Candidate generation — from CF to two-tower
The retrieval stage has one job: maximize recall at K₁ candidates, with a per-item cost measured in microseconds. That single constraint forces every architectural decision below.
Restating the problem from first principles
Lesson 1 established the funnel. Now zoom in on the first stage. The retrieval stage sees the full catalogue N ≈ 10⁸ – 10¹⁰ and must emit K₁ ≈ 10² – 10⁴ items in around 10 ms. That is roughly 1 – 100 ns of compute per catalogue item if you scan linearly, or ~10 µs per returned item if you have a sub-linear index. Either way: per-item compute is fixed and tiny.

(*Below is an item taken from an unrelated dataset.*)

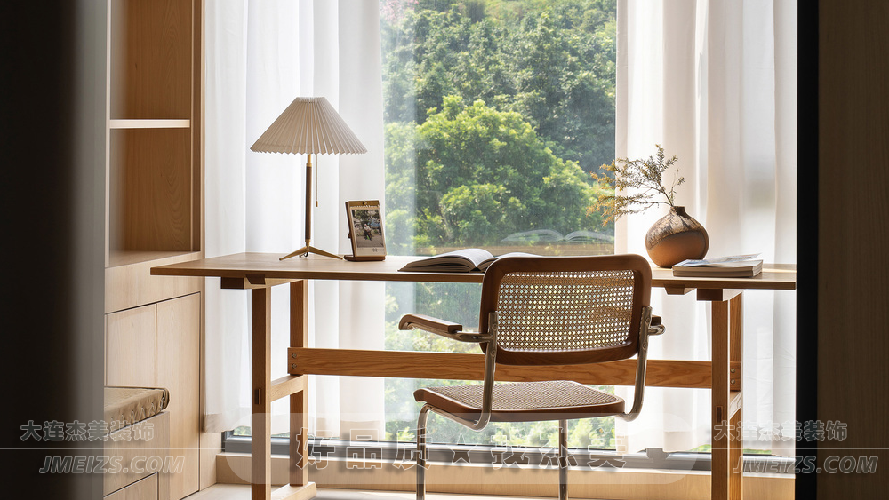 書房與客廳以半墻相隔,通透卻又自成一體,是長輩們最愛的獨立空間,兼具喝茶、書法、臨時臥房等功能,超大的單邊實木畫案可滿足家里長輩書寫大幅字畫的愛好。在豐沛的自然光線下,揮毫潑墨、茶香四溢滿屋,為嫻靜的書房疊加文人氣韻,如同詩人在書房中揮毫潑墨,享受著創(chuàng)作的樂趣。

Two architectural constraints follow immediately, and the rest of this lesson is downstream of them:
- Item representations must be precomputable. If scoring an item requires the user's identity as a model input at training time (e.g., a learned embedding keyed on
user_idshared between the user and item sides), you cannot build an item-only index. Every new user breaks it. - No cross-features at the top. If the final score is f(user_features, item_features) with a non-decomposable interaction (e.g., a transformer that attends across user and item tokens), then scoring item i requires the user's representation at index time. You're forced into a full cross-product over N items at request time, and you're back to the 14-hour problem from lesson 1.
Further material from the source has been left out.